The boy pushed past Vasil, fabric of his sleeve brushing Vasil’s hand. Vasil shook it like he was trying to get rid of something. The long-limbed stranger hitched up a hit and sat on the lip of a nearby vacant barrel. "Everyone knows me," he answered, grinning widely. "Tehu, that's my name. And you're Vasil. Everyone knows you, too."
Vasil scowled. "I don't need any more medicine, if that's what you're here for. I won't need any at all anymore." He paused for breath, chest swelling full. "Most who know me know better than to surprise me in the dark. You're lucky I wasn't on patrol."
Tehu's grin split impossibly wider. "You have eyes like a cat, Vasil. If your thoughts had been on yourself, and not on Marina's skirts, you'd have seen me coming and had me pinned to the earth before I'd said a word."
Vasil's shoulders hitched. "What are you talking about?"
Tehu laughed and the hairs at the back of Tolya's neck stood on end. "Marina."
Anger flashed through Vasil's expression. He balled his fists. "What about her?"

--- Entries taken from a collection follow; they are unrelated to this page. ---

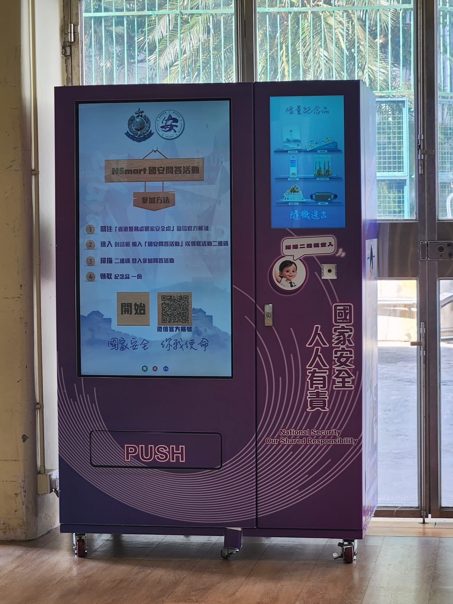 為提升本校同學對國家安全的認識,訓導組、德育、公民及國民教育組與大埔警區合作,在29日至213日期間,於本校操場設置「NSmart 國安問答機」,讓同學透過回答與國家安全相關的問題,深入了解《憲法》、《基本法》及《香港國安法》的資訊,明白維護國家安全的重要性,共同守護國家,同學更可隨機獲得多款精美而實用的紀念品。同學均積極參與。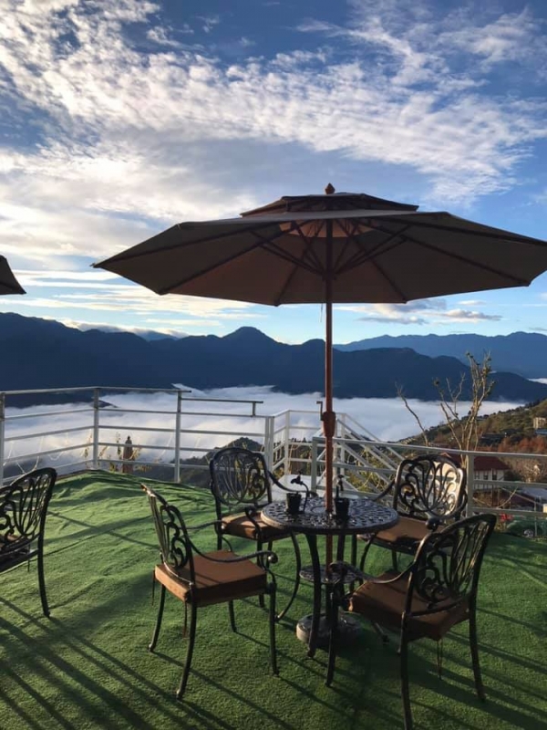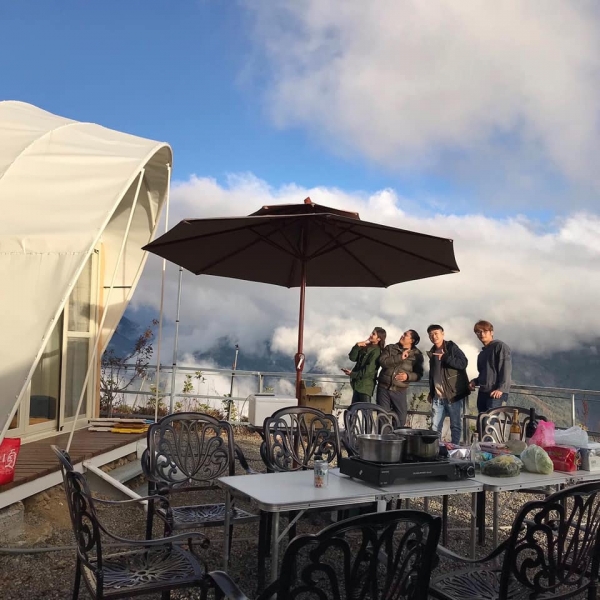帳篷外的美景真的是美不勝收,如果天氣好運氣好,皆能看到雲海日出,絕對不虛此行!戶外有提供公共桌椅搭配遮陽傘,不想待在室內也可以坐在外面聊天喝茶!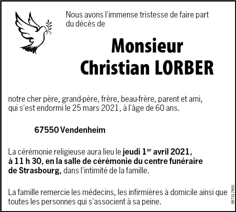 Décédé à Vendenheim (67550, France) le jeudi 25 mars 2021 à l'âge de 60 ans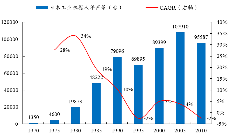 日本工業機器人年產量由 1970 年的 1350 台猛增到 1980 年的 19843 台,年均增長率為 30.8%,處於爆發性增長的 初級階段。

Tehu's hands, immaculately clean, lifted in a gesture of defense. "Nothing more than an observation. She distracts you, makes you careless and no matter what you say you'd give up everything you have for her if she asked."
Vasil hesitated a moment, then nodded once. "She knows that all she has to do is say the word. Ask, and I would ... it hardly matters. What do you want?"
"Would you give her your life?" Tehu grinned again. Leaning forward, he propped an elbow on his leg and his chin on his balled fist, moon-bright eyes steady in their regard of the older man. "How far you've fallen, chieftain's son."